I scanned all Universities in Germany and discovered few only would bet on cross-sectorial graduate study programs in the field of climate change (although it is a very pressing issue, there is still a major gap in how universities address this topic, beyond the scientific view only).
I was happy to find that in a little city called Bayreuth a highly specialized (and relatively new) master program would devote itself with answering the climate challenge and finding solutions from research. I was captivated with the program after some Alumni – during my application – accepted to exchange some words with me and tell me more about the manifold opportunities and career outlooks during and after the GCE studies (e.g. attendance to UN COPs, fun remote sensing schools, internships, summer schools, etc).
After I got acceptance from Bayreuth, I automatically enrolled!
What did you like most about GCE?
The fact that I got the entire world in one classroom, 60% of students in my cohort were non-Europeans and thus represented a wide variety of countries and continents! They all brought in experiences and observations about the manifold ways climate change is impacting their cities and communities already.
Global classroom, global GCE: addressing a global issue like human-caused climate change requires global representativity and exchange of experiences – it is enriching to go into talks with classmates and share work and research experiences from distant yet similarly challenged countries like Ethiopia, Vietnam, Colombia, Australia or Peru.
How has your career continued after GCE?
As an early-career scientist you would perhaps expect me to work in academia and publish papers – but this has not been precisely my case (at least for the moment). In fact, after graduating I started working in the German corporate sector – a bit of a 180° degrees change, but why?
Well, during the GCE graduate program and in extracurricular manner, I joined the International Forestry Students Association (IFSA) youth delegation to the Halting Deforestation Conference held at FAO Rome in 2018. During the conference, expert FAO commissioners, representatives from manifold environment ministries and leading forestry and nature conservation NGOs were present to discuss the issue of deforestation, drivers and policy recommendations to stop global forest loss.
During the meeting, however, it became tangible to me that one powerful sector of society was missing in the conversation, namely: the private sector.
It all became embarrassingly evident when during an icebreaker, the whole plenary asked private sector delegates to raise hands, and in a room full of 150 heads, only 2 hands were raised up. I was shocked to see that one week had gone by discussing about the state of the worlds forest and yet only two heads from the corporate sector had been listening to the whole discussion.
This observation was magnified through further extracurricular experiences of mine – as member of the Youth in Landscapes Initiative and attendee to further events by the Global Landscape Forum.

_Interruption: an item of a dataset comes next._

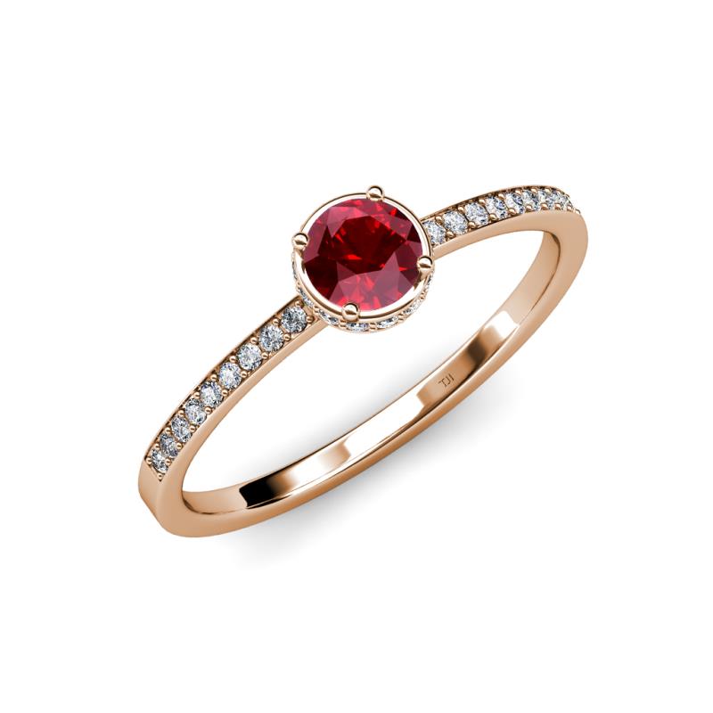 Ruby and Diamond Womens Halo Engagement Ring 0.88 ctw 18K Rose Gold More Details ...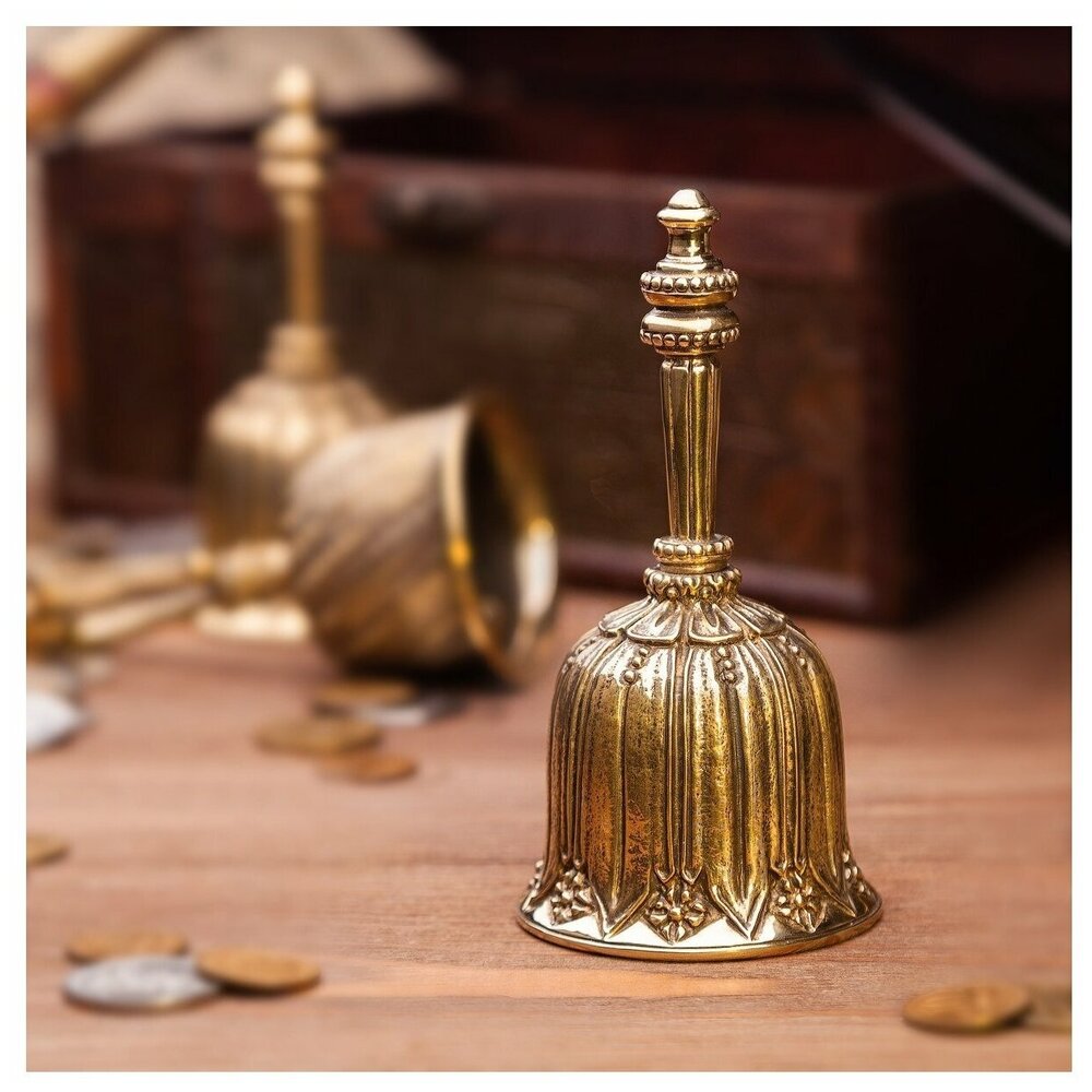 Коллекционный Колокольчик. Размеры: Высота 110 мм.; Диаметр 55 мм.; Вес 195 гр. Выполнен из бронзы, декоративное покрытие - ювелирная патина. Отличный предмет для Вашего интерьера или подарок для Ваших друзей, родных к праздникам.

I observe and believe as of today that Science may create the best paper ever, but as long as it is not read and implemented by the people who need to read it and do the required changes, then no change is going to happen.
So that is why I started working at KPMG Germany in the corporate sustainability and responsibility field, driven by the idea of learning about where the private sector is currently standing – in terms of capacities – and what is ought to be done.
What is your current position? What are your tasks?
Currently I am a Senior Associate at KPMG Germany and support the Sustainability Services Department in the review and audit of non-financial disclosures (that is: sustainability reports) by top 30 leading German companies. I also engage in consultancy projects for the private sector, and provide technical support at the moment to the integrated accounting initiative value balancing alliance e.V (natural capital valuation included here).
How has GCE supported your career?
GCE has been for me a platform to grow, a hub for ideas and to network (inside and outside Bayreuth) – Bayreuth is also a calmed city to best focus on research and classes.
Most importantly, GCE allows students to shape specialization topics – if you have a well-structured research plan, then you will encounter willingness and expert support from Professors in Bayreuth ready to help you best shape your endeavors based on their research profiles from diverse continents.
What do you recommend to the current GCE students?
Don’t restrict your understanding of sustainability and climate action to climate sciences or basic research only. Nature collapse caused by human is a humongous challenge that needs ambition and human talent from all fronts. Lately I have become big fan of “ecopreneurship” – which is the wave of young people bringing into the market disruptive ideas and innovative business models to tackle climate crisis and biodiversity collapse in the way of new services, products, big data applications and science-based solutions.
We are all needed, and if you have the seed of youth and green leadership I invite you to join the Youth in Landscapes Initiative – which regularly holds virtual training events, internship positions and calls to support nature restoration and conservation work on the ground.